When placed in this way, $\ theta$, which minimizes the total error $J (\ theta)$, can be obtained by solving the following determinant.

\theta =
(X^tX)^{-1}X^ty



See here for why this formula is used. http://mathtrain.jp/leastsquarematrix

Also, $X ^ {-1}$ is called the inverse matrix of $X$, refer to here. http://mathtrain.jp/inversematrix

Put the dataset in this formula to find $\ theta$, and put it in $\ theta_ {0}, \ theta_ {1}, \ cdots, \ theta_ {n}$ of $h (\ theta)$ to minimize it. The function expression (model function) by the square method is completed.

# I wrote it in Python

I wrote this least squares method in Python. You'll be asked for $\ theta$ in just one line! !!

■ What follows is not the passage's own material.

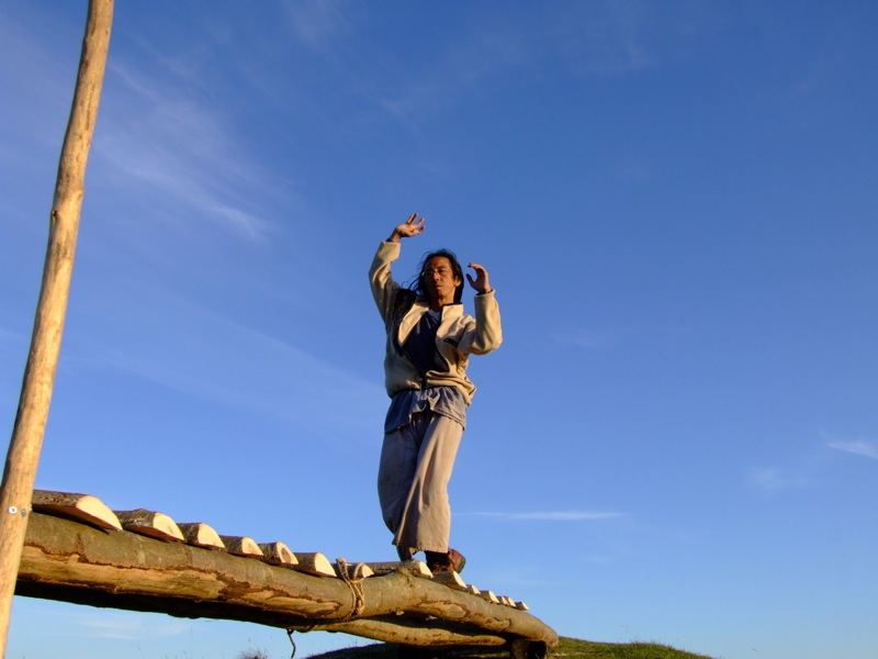 Takenouchi San performing on Hambledon Hill, Dorset.

First is the dataset. Random numbers are added to the function $y = 3 + 2 \ cos (x) + \ frac {1} {2} x$ to generate an error.

#### linalg_lstsq.py


x = arange(-3, 10, 0.1)
y = 3 + 2 * np.cos(x) + (1/2) * x + np.random.normal(0.0, 1.0, len(x))


In the general formula, $x_ {1}$ is $\ cos (x)$ and $x_ {2}$ is $x$. If the coefficients to be calculated can be calculated so that $\ theta_ {0}$ is $3$, $\ theta_ {1}$ is $2$, and $\ theta_ {2}$ is $\ frac {1} {2}$. It's OK.

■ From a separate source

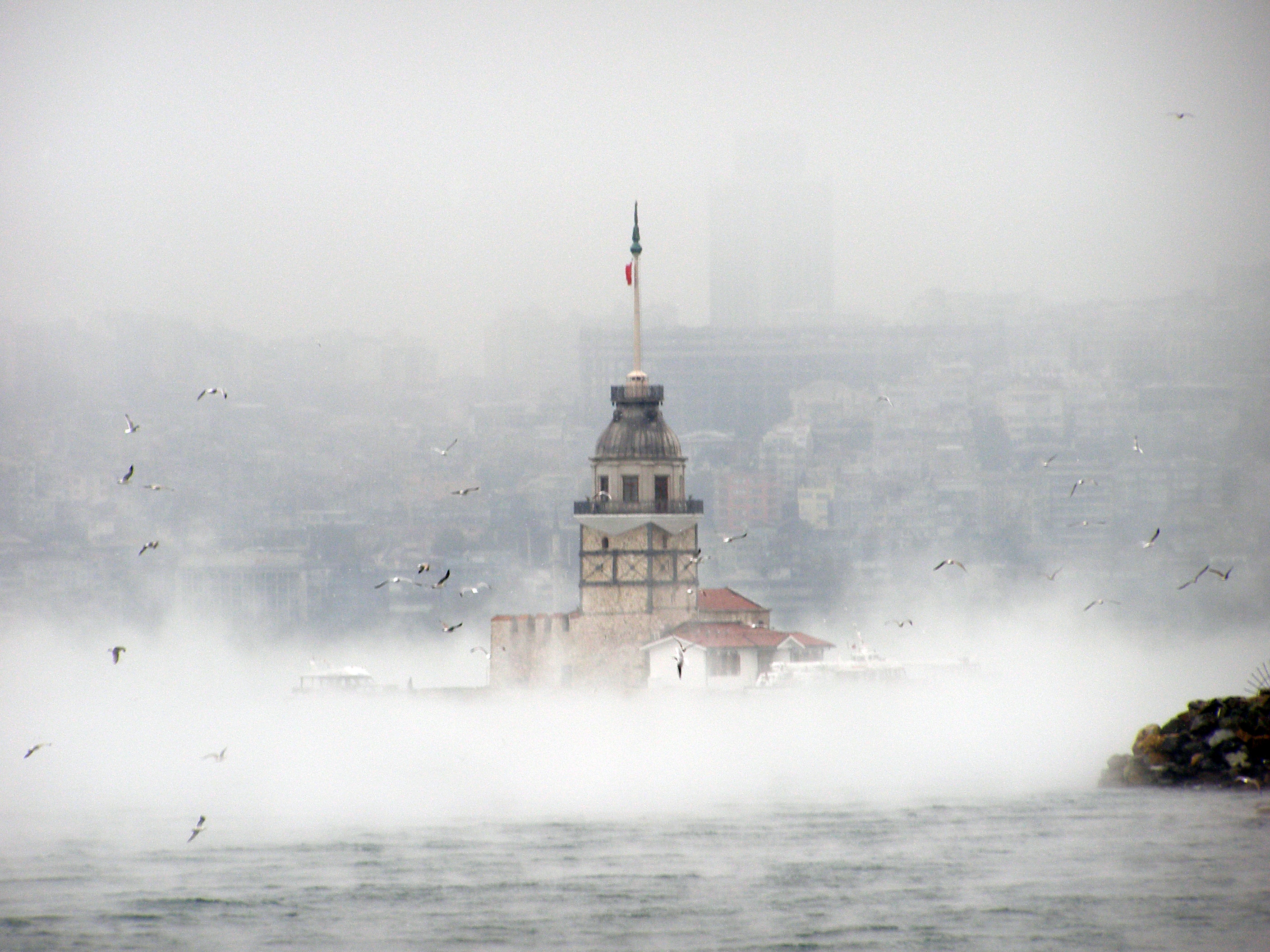 The Maiden's Tower with vapor rising from the Bosphorus. Istanbul, Turkey.

Create a matrix $X$ with all the datasets.

#### linalg_lstsq.py


n = 3
X = np.zeros((len(x), n), float)
X[:,0] = 1
X[:,1] = np.cos(x)
X[:,2] = x


The expression for $\ theta$ is this one line using linalg.lstsq in the Numpy library.

#### linalg_lstsq.py


(theta, residuals, rank, s) = linalg.lstsq(X, y)

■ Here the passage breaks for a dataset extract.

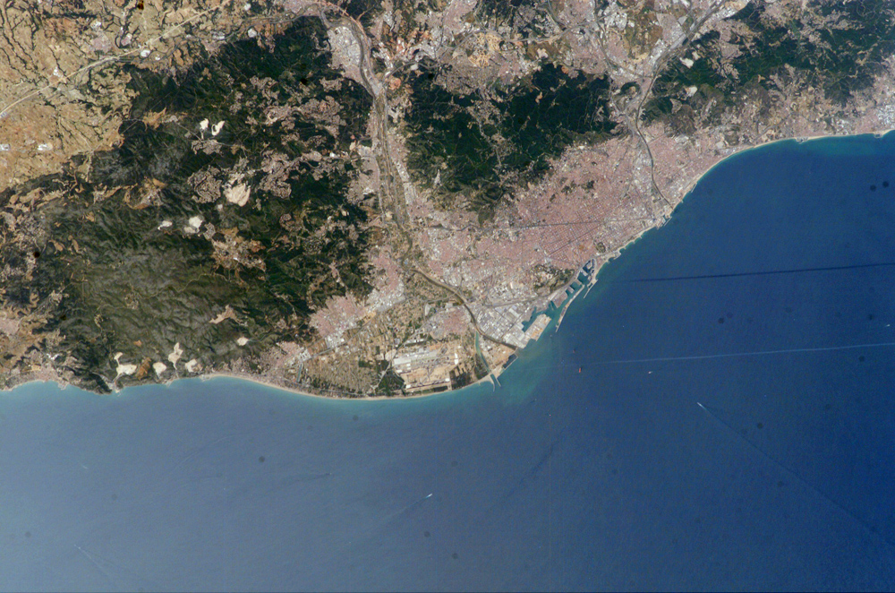 Astronaut photo of Barcelona, Catalonia, Spain. The white line in the lower right is an airplane contrail and the dark line above it is its shadow.

https://docs.scipy.org/doc/numpy/reference/generated/numpy.linalg.lstsq.html

As a result, it became like this.

#### linalg_lstsq.py


import numpy as np
import matplotlib.pyplot as plt

# data-set
x = np.arange(-3, 10, 0.1)
y = 3 + 2 * np.cos(x) + (1/2) * x + np.random.normal(0.0, 1.0, len(x))

n = 3
X = np.zeros((len(x), n), float)
X[:,0] = 1
X[:,1] = np.cos(x)
X[:,2] = x

# Least square method
(theta, residuals, rank, s) = np.linalg.lstsq(X, y)

# data-set plot
plt.plot(x, y, 'b.')
# h(theta) plot
plt.plot(x, theta[0] + theta[1] * X[:,1] + theta[2] * X[:,2], 'r-')

plt.title("linalg.lstsq")
plt.xlabel("X-axis")
plt.ylabel("Y-axis")

plt.show()

print('θ[0]: %s' % theta[0])
print('θ[1]: %s' % theta[1])
print('θ[2]: %s' % theta[2])


I was able to get a fairly close value, and even if you look at the graph, it fits! !!

# end

Since I have just started studying machine learning, I am learning the standard algorithms and ideas. I can't write anything brand new, but I hope it helps someone.